The irony of Quebec is that the British conquest of Quebec in 1759 and her subsequent confederation into Canada spared Quebec the ravages of the French Revolution.  Until about 1970, when the Cultural Revolution did its work in Canada as everywhere else in the West, one could say Quebec was more traditionally French than France herself; certainly more Catholic.  And now Quebecois are represented in their federal Parliament by such as Sana Hassainia.  Come to think of it, Quebec really is getting more like today’s France…

So both who Sana Hassainia is and what she represents (I don’t mean her parliamentary riding) are just more examples of the existential confusion of the West in the throes of Revolution.  Canada may be further along the road to multicultural dissolution than the United States, but not by much.

— Comments —

Jane writes:

I am an American living in western Canada. It is hard to overestimate how thoroughly secular this culture is.  Quebec, where this female politician lives, is known throughout Canada to be a province full of entitlements. For example, the government subsidizes childcare to an extreme degree.  In Quebec, all parents regardless of income pay just $15 a day for childcare, and the State pays the rest.  This is a not-very-subtle way to really discourage stay-at-home mothers. If your careerist counterparts can pay so little for childcare, they have much more disposable income.  It is hard to compete as a one-income family. This drives up the price of everything else, including housing.  Canada has an incredibly high cost of living.  Politicians in my province, British Columbia, are also promising this benefit. Working parents are thrilled with the idea.  I wonder what this subsidy if passed will do to Vancouver, which already has the second highest housing value in the world (second to Hong Kong).  Meanwhile stay-at-home parents get no subsidy at all.  Also the government gives millions in extra funds and support to day care centers.  Meanwhile, wholesome things are not subsidized in any way.  The cost of food here is through the roof.
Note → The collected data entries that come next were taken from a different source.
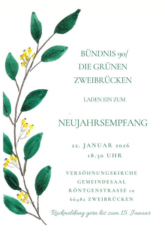 Am Donnerstag, 22. Januar 2026, um 18.30 Uhr lädt der Kreisverband Zweibrücken von Bündnis 90/Die Grünen ein zu seinem Neujahrsempfang. Er findet statt im Gemeindesaal der Versöhnungskirche Zweibrücken, Röntgenstraße 10.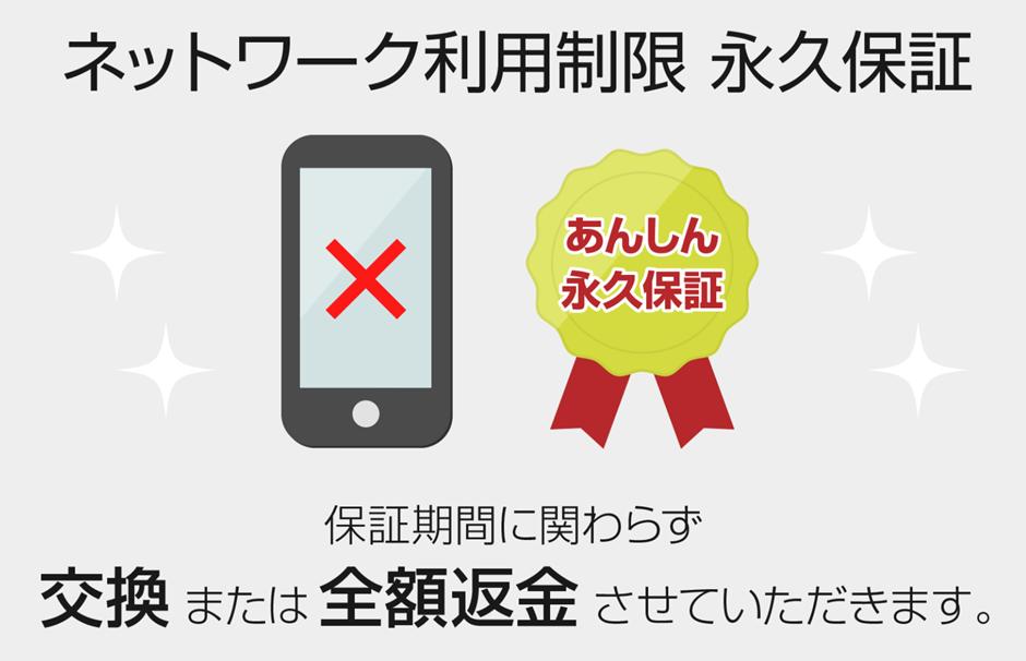 たとえば、創業25年以上の老舗スマホショップである「イオシス」ではネットワーク利用制限(赤ロム)を永久保証しており、保証期間にかかわらず交換または全額返金に応じてくれます。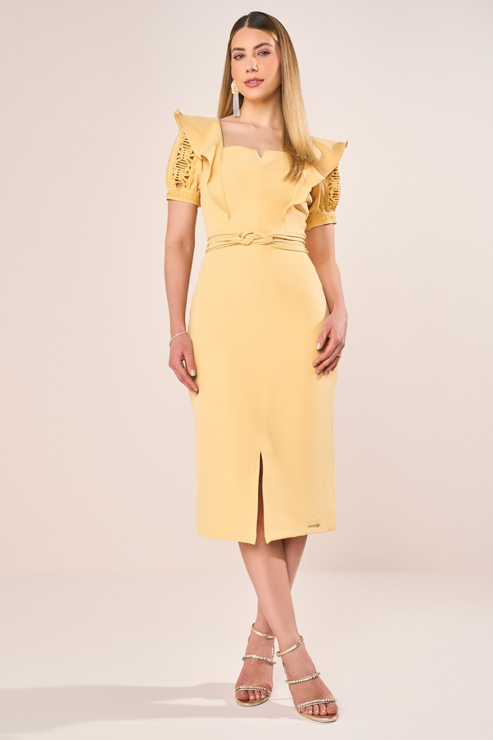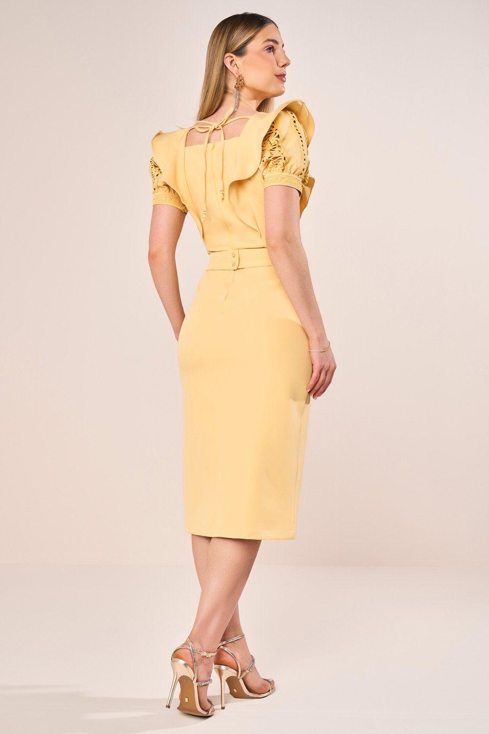 O detalhe do decote com abertura em V se destaca como ponto focal sofisticado, elevando a estética do tubinho de forma contemporânea. As aplicações de guipir nas mangas e punhos criam contraste elegante com a alfaiataria, enriquecendo a peça com toque artesanal. O cinto faixa entrelaçado, finalizado com abotoamento, acrescenta personalidade e compõe a cintura com charme exclusivo. A fenda frontal, aliada ao recorte e ao pesponto, reforça a modernidade da peça sem abrir mão da elegância clássica.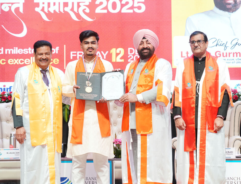 उत्तरांचल विश्वविद्यालय, देहरादून के छठे दीक्षांत समारोह कार्यक्रम के अवसर पर छात्र को मेडल और उपाधि प्रदान करते हुए राज्यपाल।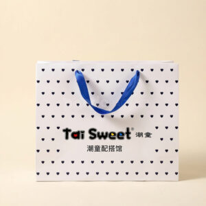 This eye-catching paper bag is designed for “Tat Sweet” and features a playful black polka dot pattern on a crisp white background, striking a perfect balance between fun and elegance. The premium rope handles in bold blue not only provide a strong grip but also add a splash of color that enhances the overall visual appeal.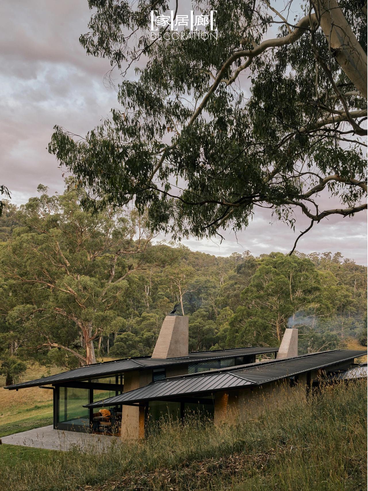 Howqua River Lodge是澳大利亚建筑师Rob Mills对技术与自然的双重礼赞。它在澳大利亚一片静谧的高山河谷之间,顺应地势、借光取风而建。为了实现真正的“自给自足”可持续,Rob Mills运用了诸多先进甚至先锋的技术手段。但这绝不是某种张扬的炫技,而是对山谷之灵的温柔回应。不以建筑或科技为名来统治或改造自然,而是理解自然的基础上,与自然共生共居,或者也可以说Howqua River Lodge不过是自然的延展罢了,也因此,居住于其中的人,才能真正地感受土地、风、高山、河流与其他。

I feel that Canadian policies are subsidizing the lifestyle choice of putting children in [institutional] care.  Even their generous maternity leaves insure this.  In Canada, mothers generally get one year paid leave, which is commendable.  Canadians are very proud of this. But even this benefit encourages working mothers. The vast majority of mothers do return to work after their leave is up. They are made to feel that one year is sufficient, because everybody does it.  In the states the lack of leave can actually create a positive result — mothers are so horrified at leaving their babies after three months that they quit their job (as I did) rather than return to work so early.

I will be donating to your blog.  It provides me a valuable service –of making me feel I am not alone in my views.